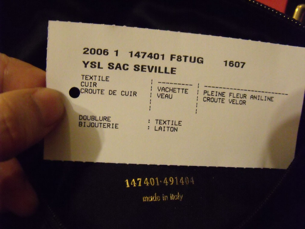 YSL authenticity card)
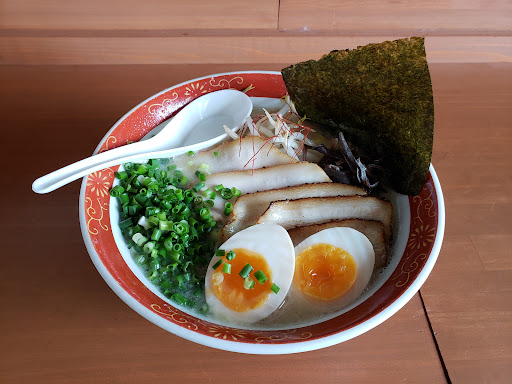 Read moreスープはあっさりがデフォで提供されるのですが、オーダーすればベタ(こってり)に変更できますので、あっさり派にもこってり派にも対応できます。個人的にはこってりの方が美味いと思います。メニューもアレンジ的なバリエーションが豊富で何度リピートしても違う味を楽しめます。ただ営業時間が11時オープンから2~3時間でスープ切れの閉店になるので、早めの来店をオススメします。 特にメニューの中の「六道」ってラーメン800円がオススメです。盛り付けがとても綺麗で思わず写真を撮りたくなります。何かにちょっと似てるかなと思ったら、久留米ラーメン道・麺志のGTOスペシャルに似てる感じですが、六道の方が美味しい感じ。特に豚バラの炙りチャーシューで差が出ています。 替玉の「転生玉」200円は麺以外に具も盛りだくさんで、通常の替玉100円よりもオススメです。 そしてこの店の、他にはない一番の特徴が、怖い心霊DVDが常時テレビ画面に放映されています。個人的にはこれを見るのが楽しいです。 国道沿いなんですが駐車場が3~4台しか停めら...
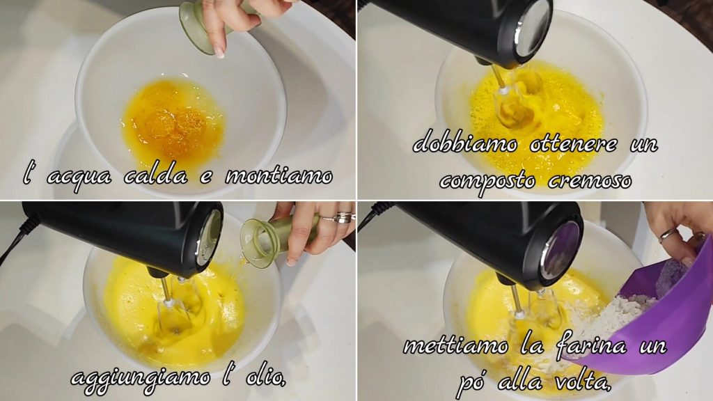 Adicionamos a água quente e batemos. Precisamos obter um composto cremoso claro. Adicionamos o óleo, a farinha aos poucos.
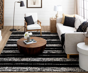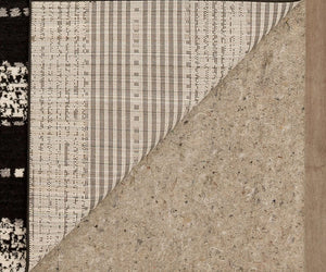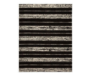 Machine-woven area rug with alternating striped and geometric patterns in charcoal.
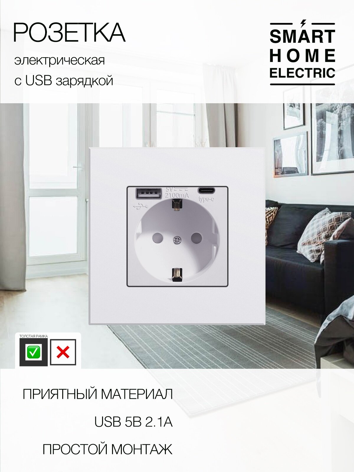 Розетка, на 1 пост, с ABS рамкой (электрическая с USB-AC) белая: сравнение цен, характеристики, фото, актуальное наличие и цены.
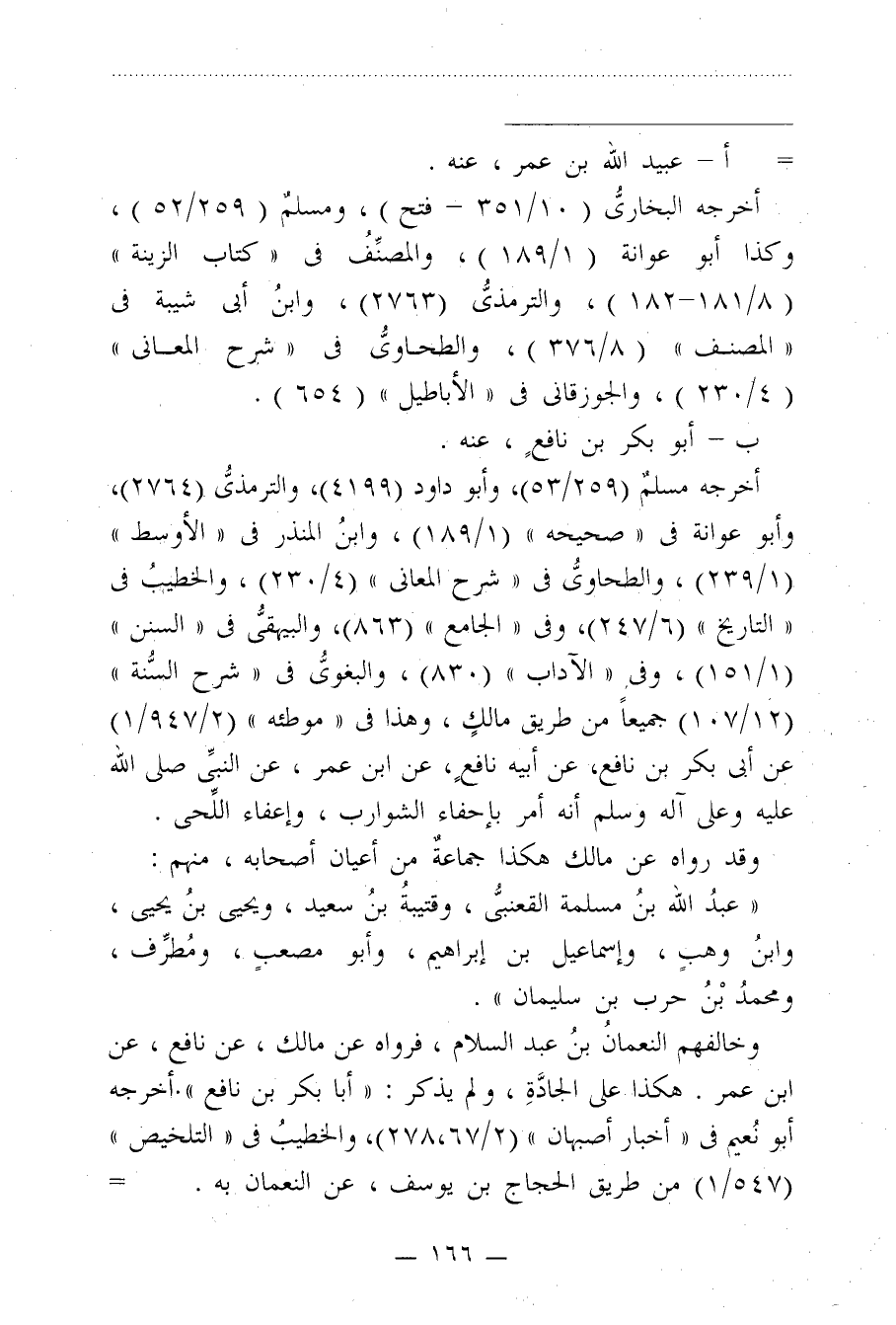 وخالفهم النعمان بنُ عبد السلام، فرواه عن مالك، عن نافع، عن ابن عمر. هكذا على الجادَّةِ، ولم يذكر: "أبا بكر بن نافع". أخرجه أبو نُعيم في "أخبار أصبهان" (2/ 278،67)، والخطيبُ في "التلخيص" (547/ 1) من طريق الحجاج بن يوسف، عن النعمان به. =
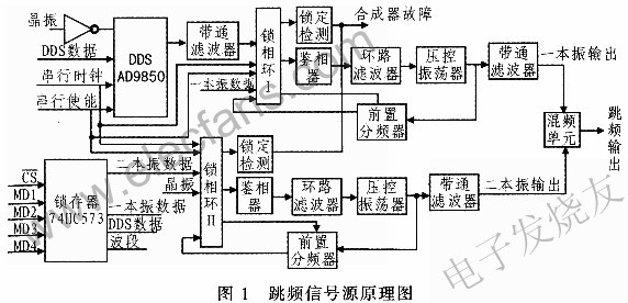 设备开发预研,综合测试系统研制的瓶颈。本设计正是某机载电台综合检测仪的一部分,为其提供一个高稳定度的跳频信号源。
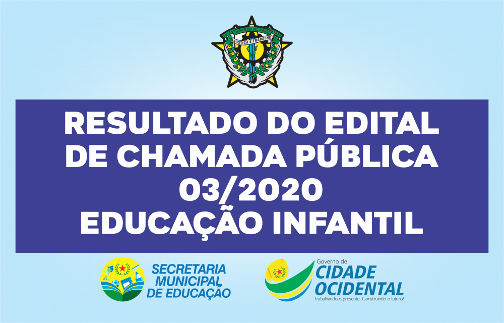 Chamada para efetivação de matrícula da educação infantil no Centro Municipal de Educação Infantil Benedito Antônio - Extensão e no Centro Municipal de Educação Infantil Jorge Miguel Laquis - Cidade Ocidental-GO - Ano Letivo de 2020
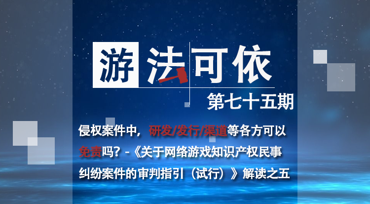 在第七十五期的《“游”法可依》当中,杨杰律师团队将为大家带来——《侵权案件中,研发/发行/渠道等各方可以免责吗?-《关于网络游戏知识产权民事纠纷案件的审判指引(试行)》解读之五。
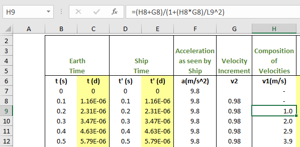 In essence the clocks on the ship will slow down and the time increment will decrease by a factor called the Lorentz term. That term is calculated in Column M which I will be getting to.
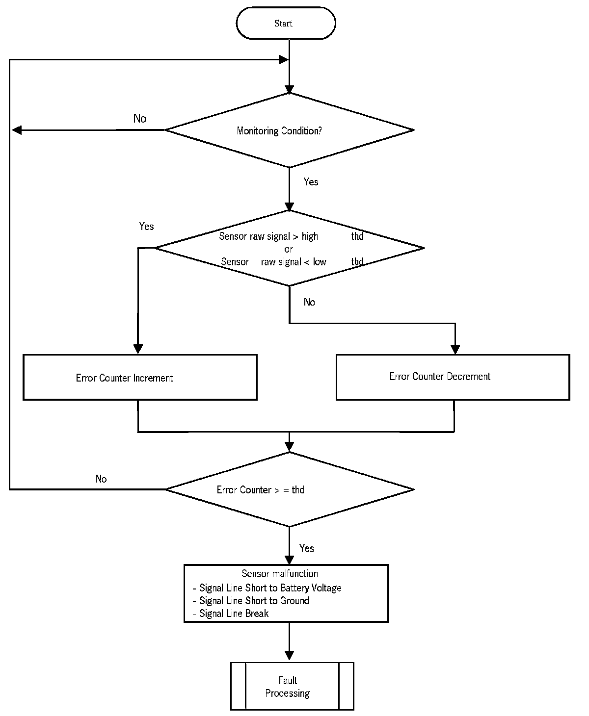 - Sensor signals out of a defined range are regarded as circuit malfunctions shorted to BATT, GND or Open circuit.
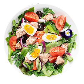 Salade verte, tomates, olives, oeuf, thon. Servie avec pain maison et sauce salade.

Task brief: Here the records must be restated exactly, minus any images.

Written answer:
 YSL authenticity card)
 Read moreスープはあっさりがデフォで提供されるのですが、オーダーすればベタ(こってり)に変更できますので、あっさり派にもこってり派にも対応できます。個人的にはこってりの方が美味いと思います。メニューもアレンジ的なバリエーションが豊富で何度リピートしても違う味を楽しめます。ただ営業時間が11時オープンから2~3時間でスープ切れの閉店になるので、早めの来店をオススメします。 特にメニューの中の「六道」ってラーメン800円がオススメです。盛り付けがとても綺麗で思わず写真を撮りたくなります。何かにちょっと似てるかなと思ったら、久留米ラーメン道・麺志のGTOスペシャルに似てる感じですが、六道の方が美味しい感じ。特に豚バラの炙りチャーシューで差が出ています。 替玉の「転生玉」200円は麺以外に具も盛りだくさんで、通常の替玉100円よりもオススメです。 そしてこの店の、他にはない一番の特徴が、怖い心霊DVDが常時テレビ画面に放映されています。個人的にはこれを見るのが楽しいです。 国道沿いなんですが駐車場が3~4台しか停めら...
 Adicionamos a água quente e batemos. Precisamos obter um composto cremoso claro. Adicionamos o óleo, a farinha aos poucos.
 Machine-woven area rug with alternating striped and geometric patterns in charcoal.
 Розетка, на 1 пост, с ABS рамкой (электрическая с USB-AC) белая: сравнение цен, характеристики, фото, актуальное наличие и цены.
 وخالفهم النعمان بنُ عبد السلام، فرواه عن مالك، عن نافع، عن ابن عمر. هكذا على الجادَّةِ، ولم يذكر: "أبا بكر بن نافع". أخرجه أبو نُعيم في "أخبار أصبهان" (2/ 278،67)، والخطيبُ في "التلخيص" (547/ 1) من طريق الحجاج بن يوسف، عن النعمان به. =
 设备开发预研,综合测试系统研制的瓶颈。本设计正是某机载电台综合检测仪的一部分,为其提供一个高稳定度的跳频信号源。
 Chamada para efetivação de matrícula da educação infantil no Centro Municipal de Educação Infantil Benedito Antônio - Extensão e no Centro Municipal de Educação Infantil Jorge Miguel Laquis - Cidade Ocidental-GO - Ano Letivo de 2020
 在第七十五期的《“游”法可依》当中,杨杰律师团队将为大家带来——《侵权案件中,研发/发行/渠道等各方可以免责吗?-《关于网络游戏知识产权民事纠纷案件的审判指引(试行)》解读之五。
 In essence the clocks on the ship will slow down and the time increment will decrease by a factor called the Lorentz term. That term is calculated in Column M which I will be getting to.
 - Sensor signals out of a defined range are regarded as circuit malfunctions shorted to BATT, GND or Open circuit.
 Salade verte, tomates, olives, oeuf, thon. Servie avec pain maison et sauce salade.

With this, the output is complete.